• _TASK DETAILS_
Without copying any picture, transcribe exactly the lines of the data below from the one containing "Airts Burns Club Prestonpans (516)" through the one containing "Room W2's Version".

• _EXERCISE DATA_
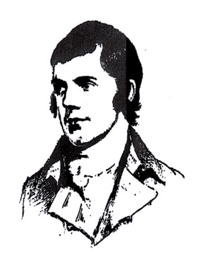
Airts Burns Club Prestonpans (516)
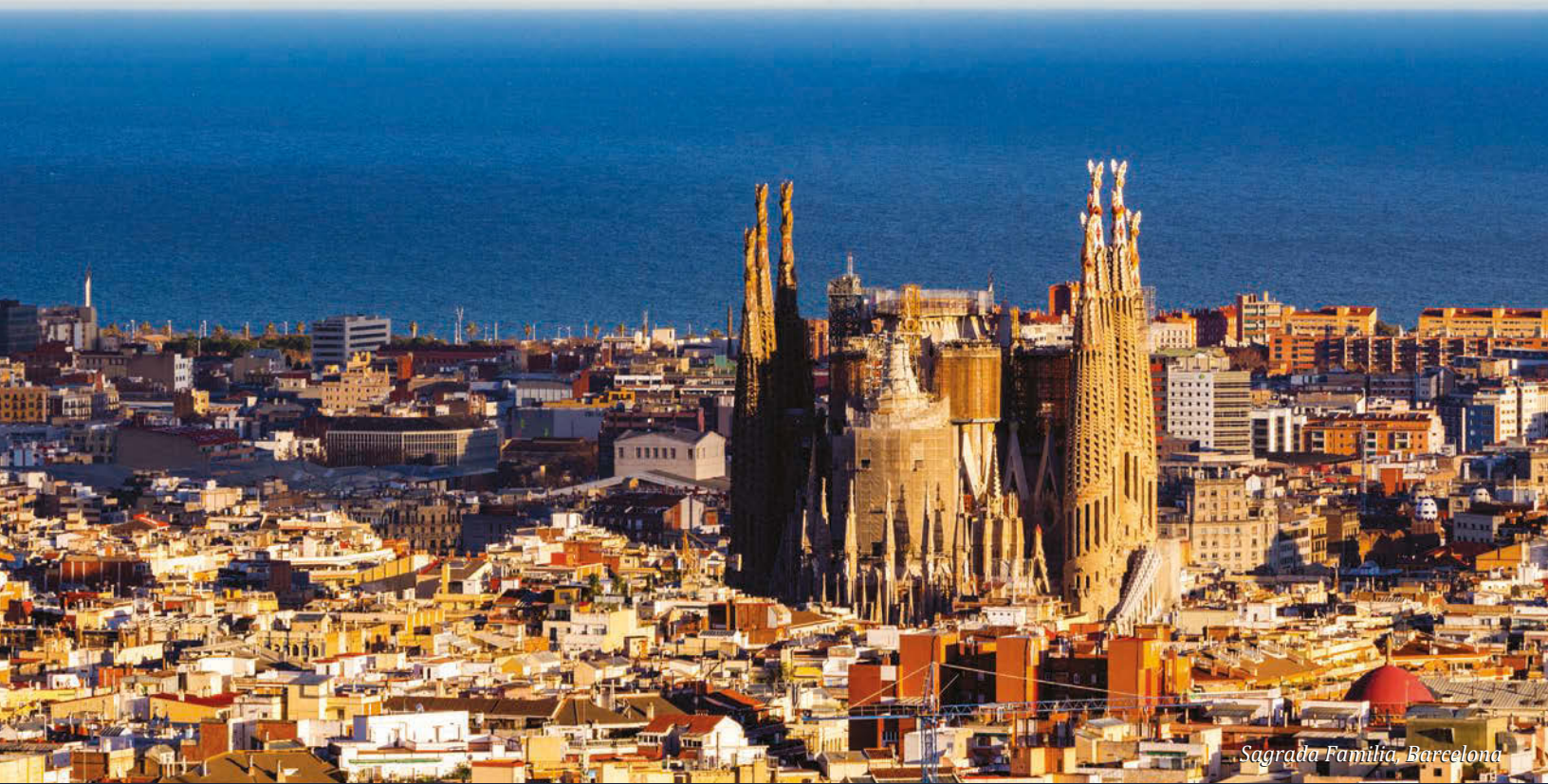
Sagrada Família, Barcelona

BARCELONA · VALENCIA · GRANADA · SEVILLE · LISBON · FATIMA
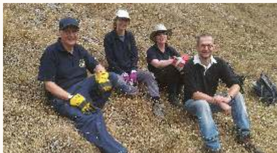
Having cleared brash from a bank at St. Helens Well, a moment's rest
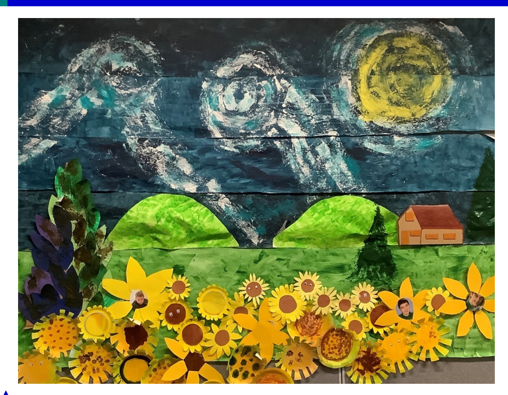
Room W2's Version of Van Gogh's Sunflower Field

...

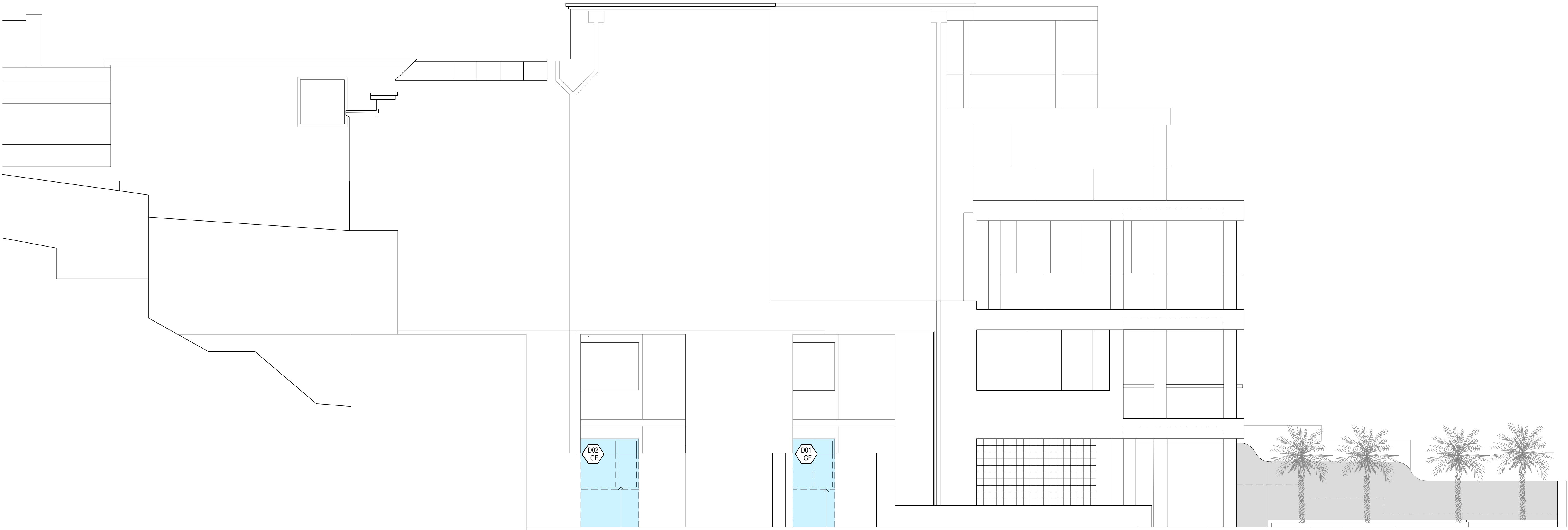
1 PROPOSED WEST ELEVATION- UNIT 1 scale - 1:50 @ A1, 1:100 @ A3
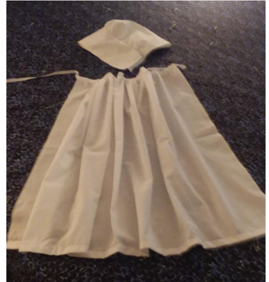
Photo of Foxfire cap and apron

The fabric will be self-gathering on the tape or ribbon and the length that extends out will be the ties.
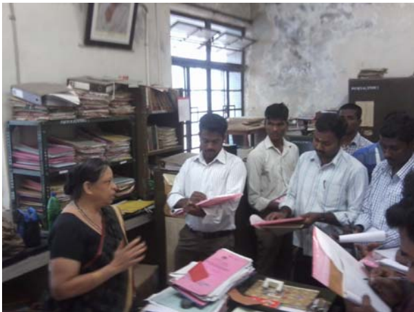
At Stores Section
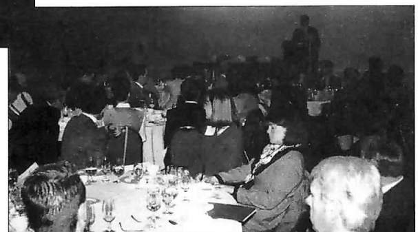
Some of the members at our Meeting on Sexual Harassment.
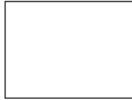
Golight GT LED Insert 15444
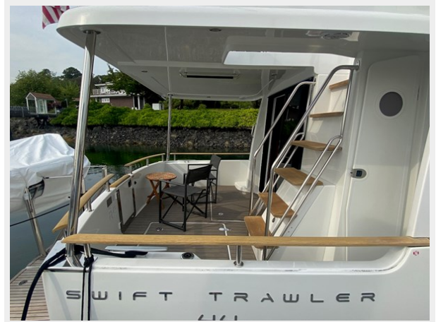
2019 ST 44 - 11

---

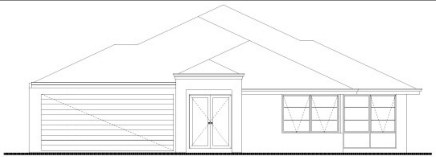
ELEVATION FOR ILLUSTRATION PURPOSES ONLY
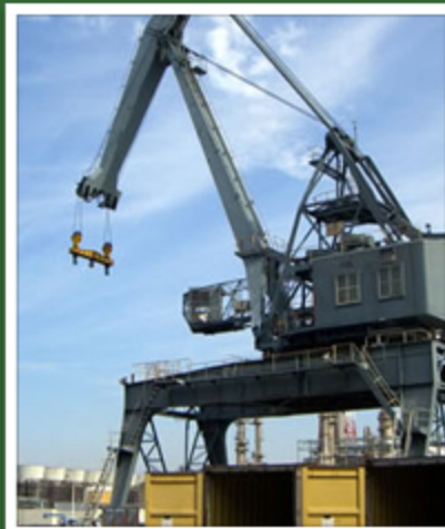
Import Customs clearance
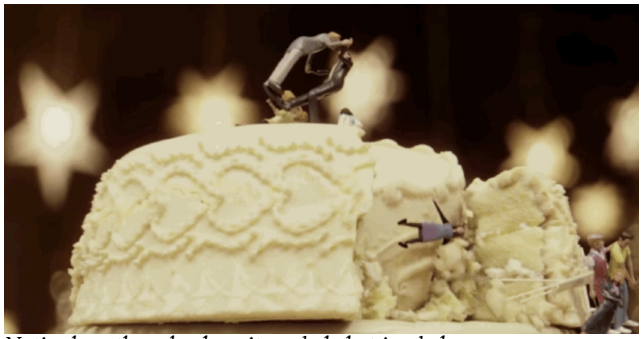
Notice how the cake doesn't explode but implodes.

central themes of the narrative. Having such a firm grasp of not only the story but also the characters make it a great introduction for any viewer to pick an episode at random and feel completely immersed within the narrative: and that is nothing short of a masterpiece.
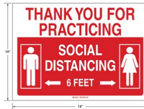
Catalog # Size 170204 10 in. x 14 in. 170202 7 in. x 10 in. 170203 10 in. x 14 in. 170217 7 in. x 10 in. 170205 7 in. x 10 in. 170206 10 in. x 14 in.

• _WRITTEN ANSWER_
Airts Burns Club Prestonpans (516)
Sagrada Família, Barcelona

BARCELONA · VALENCIA · GRANADA · SEVILLE · LISBON · FATIMA
Having cleared brash from a bank at St. Helens Well, a moment's rest
Room W2's Version of Van Gogh's Sunflower Field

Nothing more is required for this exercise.